**Data below**:
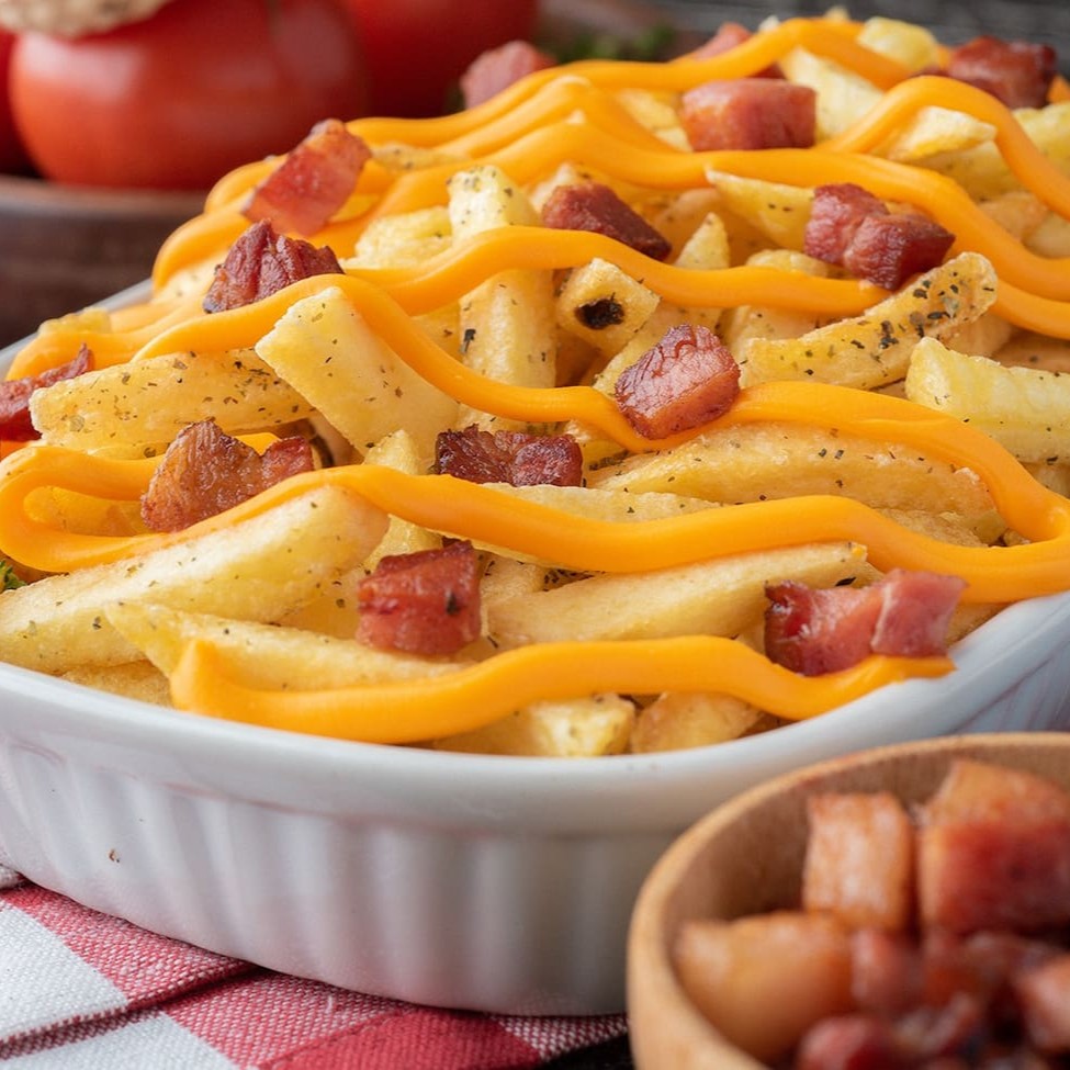 Hum aquele Bacon Frito e um cheddar cremoso, delícia. está porção vem com 400g de batata in natura
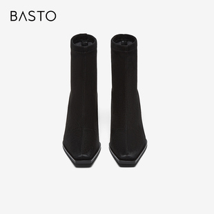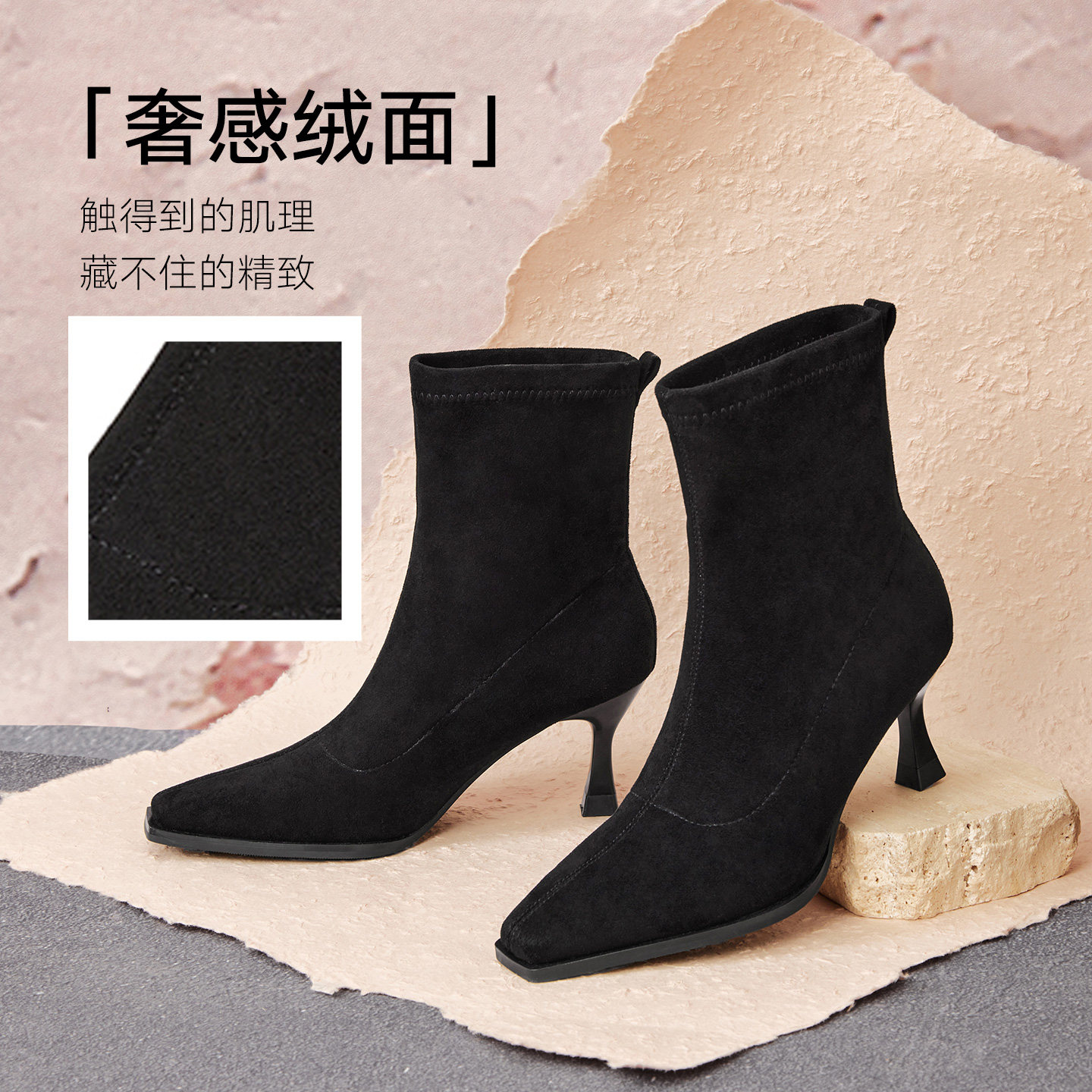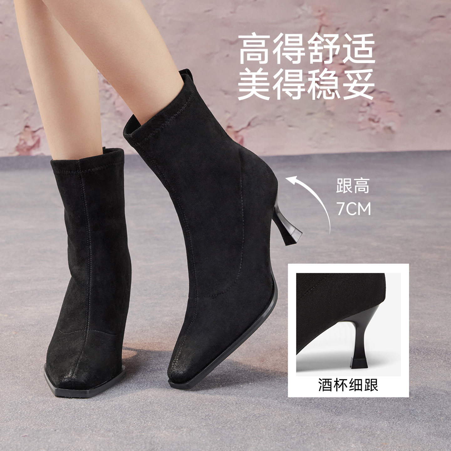 简约通勤细高跟女中靴B7081DZ5 弹力靴时尚 百思图2025冬季 新款
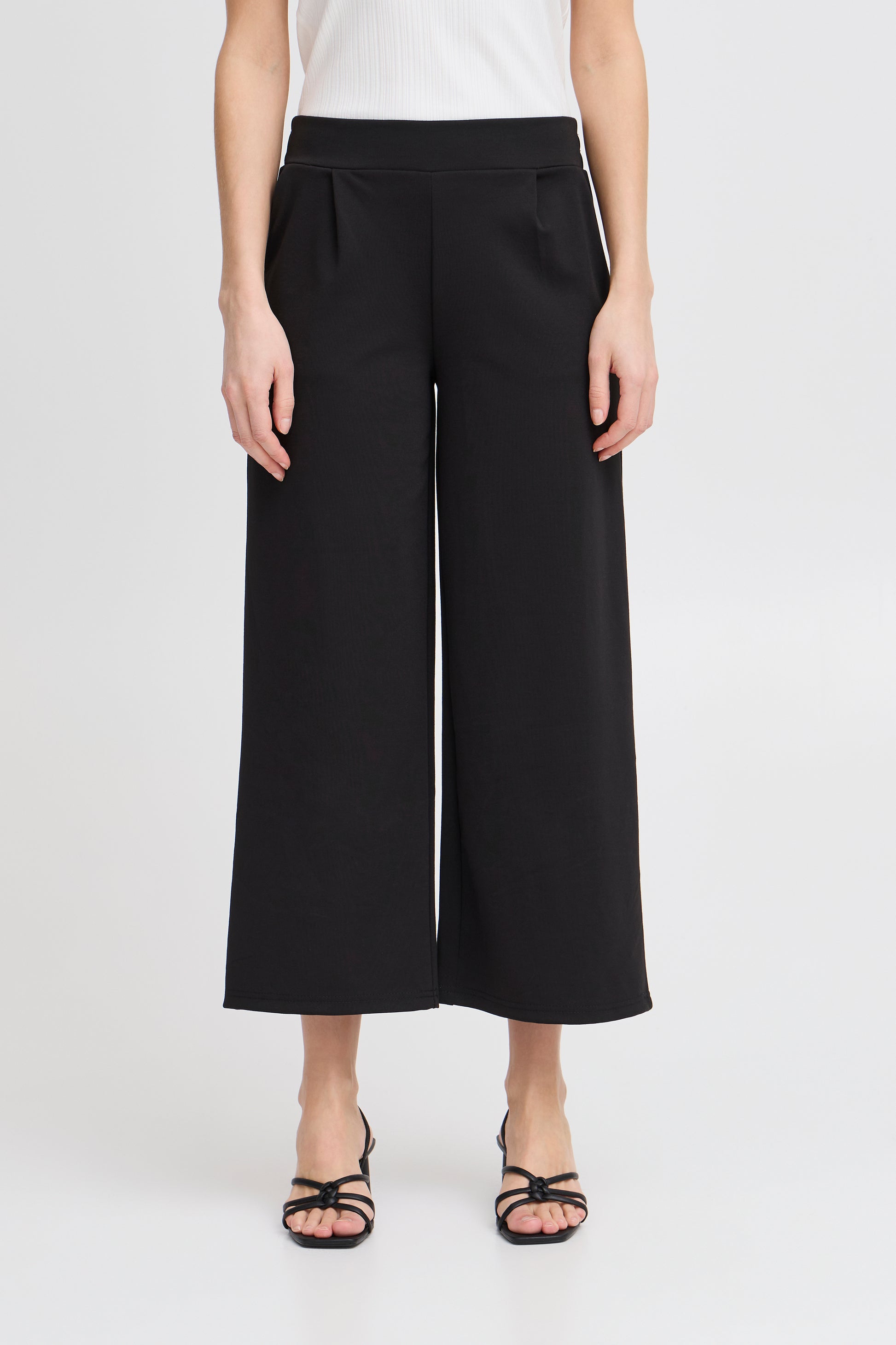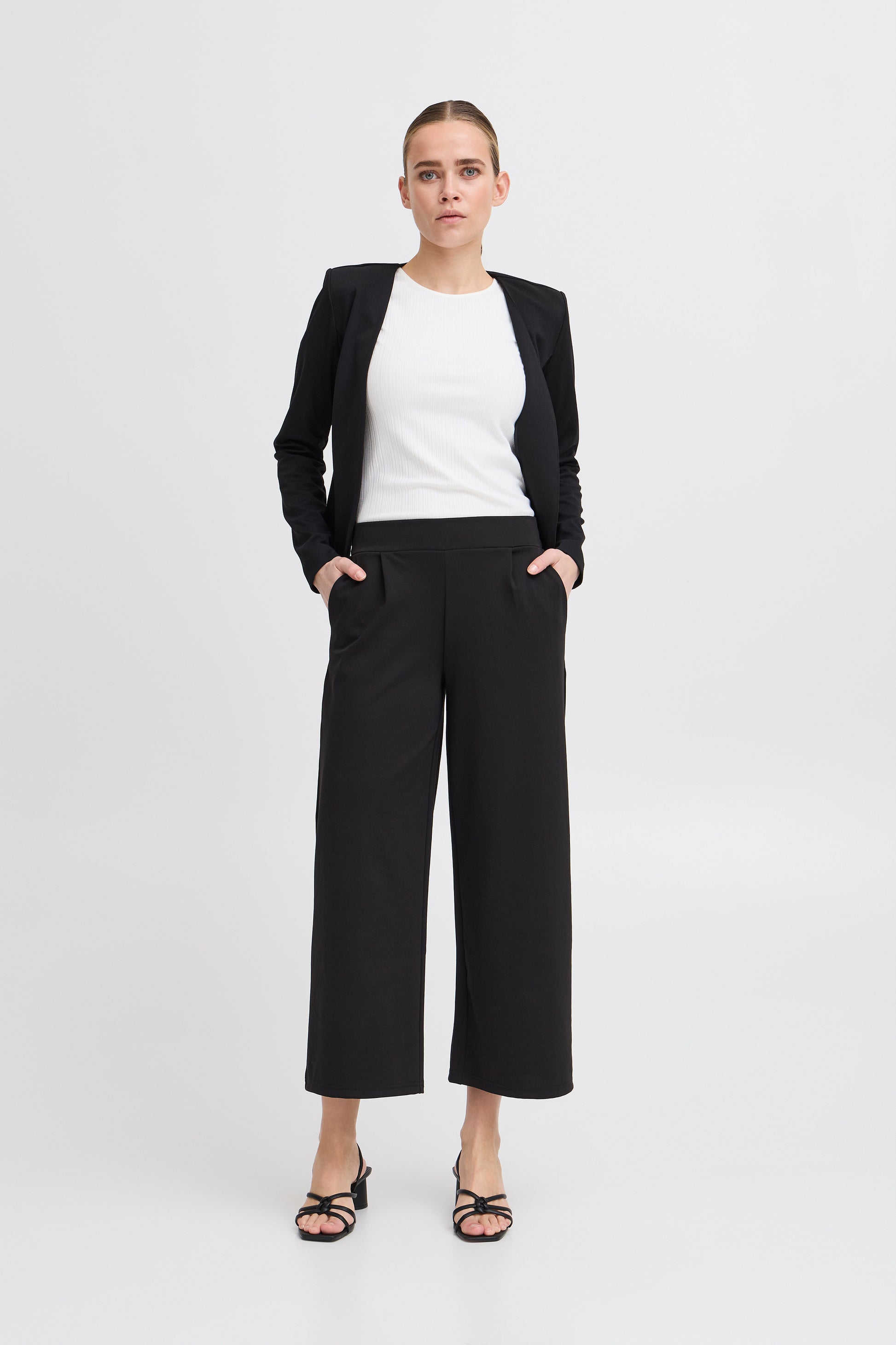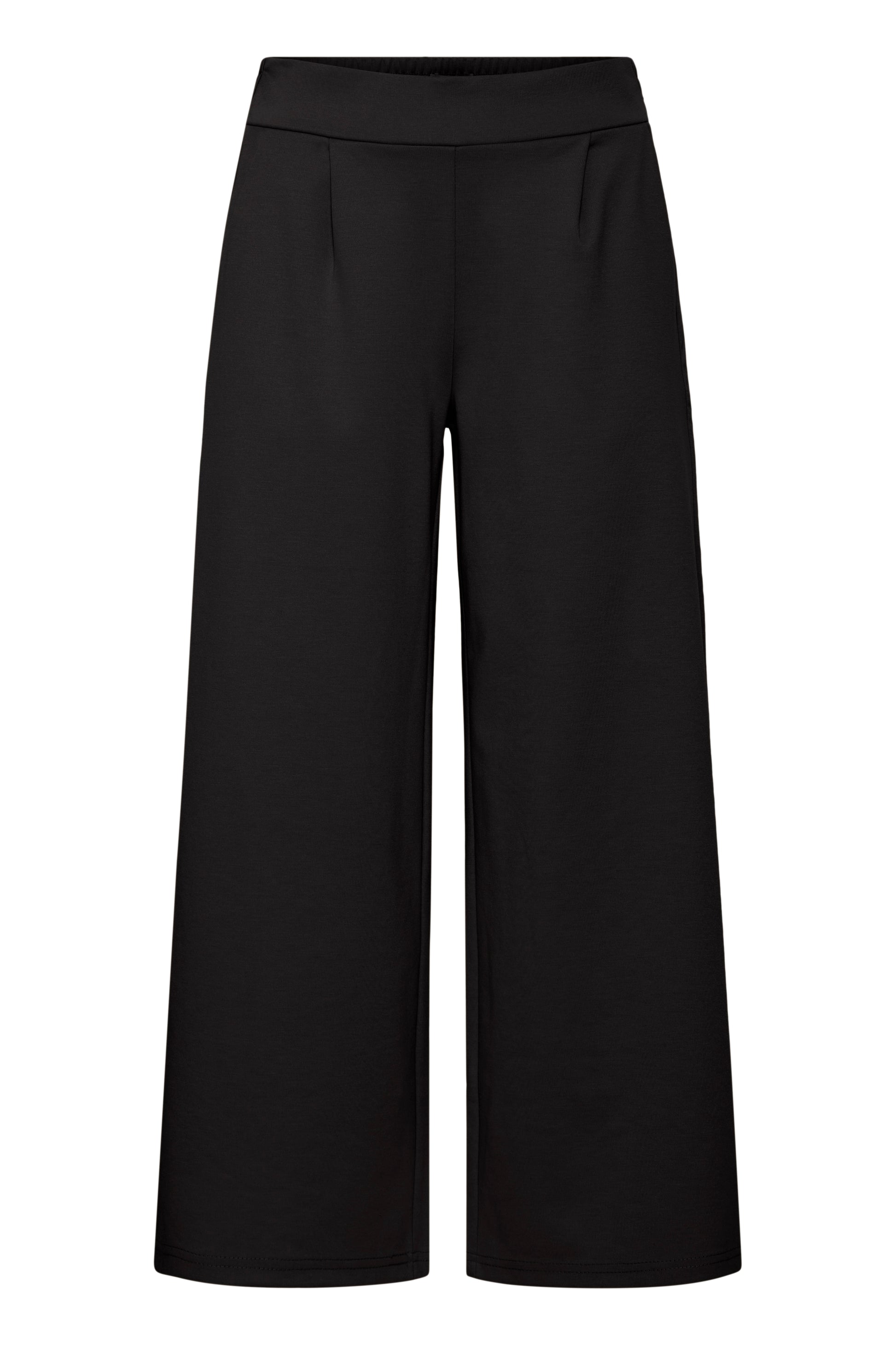 ICHI KATE WIDE LEG CROPPED TROUSERS IN BLACK

**Exercise aim**:
Print the entire listing above verbatim. No picture should be included.

**Answer space**:
 Hum aquele Bacon Frito e um cheddar cremoso, delícia. está porção vem com 400g de batata in natura
 简约通勤细高跟女中靴B7081DZ5 弹力靴时尚 百思图2025冬季 新款
 ICHI KATE WIDE LEG CROPPED TROUSERS IN BLACK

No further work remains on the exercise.